Baldacci concluded this letter by laying out two conditions that St. Paul's would have to meet before he reinstated the building permit that had been suspended. First, Baldacci stated, St. Paul's would have to submit “an updated set of plans describing the Fellowship bar area along with the health department stamped and approved fixtures.” Second, he stated, St. Paul's would have to agree “to declare the use of the Fellowship Hall an A-2 use group occupancy with a maximum occupancy of 100,” or obtain “a Variance from the Building Code of Appeals Board allowing an accessory use to the group A-3, Place of Worship.” As Baldacci had done in each prior letter, he added a sentence describing St. Paul's' right to appeal his decision to the BCAB.


St. Paul's filed the complaint in this case in the District of Massachusetts on July 9, 2019, along with a motion for preliminary injunctive relief. St. Paul's also appealed Baldacci's refusal to reinstate the permit to the BCAB on July 25, 2019.

The BCAB held a hearing on August 20, 2019. At the hearing, according to the BCAB decision, St. Paul's “represented ․ that they want to complete the project fully in accordance with the original plans that were approved as part of issuing the building permit on July 3[, 2018]” (emphasis in original). St. Paul's further represented “that it fully understands the risks associated with completing the project in accordance with the original plans, especially if, later, there are changes in Use Group and/or change of occupancy which could require further physical changes to the building (based on, among other things, changes in occupant loads).” The BCAB noted that, “[a]s a result, [St.
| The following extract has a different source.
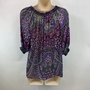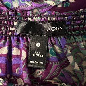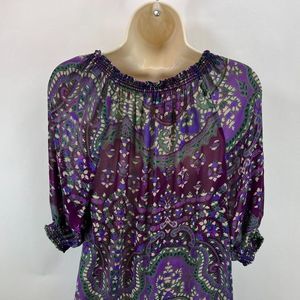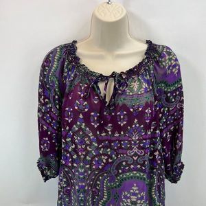 Aqua Bloomingdale's Womens Sz S Purple Sheer Floral Tie Neck Blouse

Paul's] was clear; it will ‘abide by the letter of the existing [building] permit’ ” (alteration in original).

On September 24, 2019 the BCAB issued a conditional order, to which the Town did not object. The condition regarding health department approval mirrored the one Baldacci had set out in his June 11 letter, except that, rather than requiring anything specific regarding the use dispute, the BCAB's second condition stated only that “all submissions from Appellant to the Building Department made after January 15, 2019 [would] be disregarded.” The Building Permit was deemed to be reinstated following the issuance of the order.

Following the BCAB decision, St. Paul's withdrew its motion for preliminary injunctive relief in this case. St. Paul's then moved for partial summary judgment once discovery had been completed. The defendants filed a cross-motion for summary judgment. The District Court denied St. Paul's' motion and granted the defendants' cross-motion. This appeal from the denial of St. Paul's motion for summary judgment and the grant of the cross-motion followed.


RLUIPA prohibits local governments from “impos[ing] or implement[ing] a land use regulation in a manner that imposes a substantial burden on the religious exercise of a person, including a religious assembly or institution,” outside of narrow circumstances. 42 U.S.C. § 2000cc(a)(1). A “land use regulation” is defined as “a zoning or landmarking law, or the application of such a law, that limits or restricts a claimant's use or development of land (including a structure affixed to land), if the claimant has” certain property interests “in the regulated land.” Id. § 2000cc-5(5).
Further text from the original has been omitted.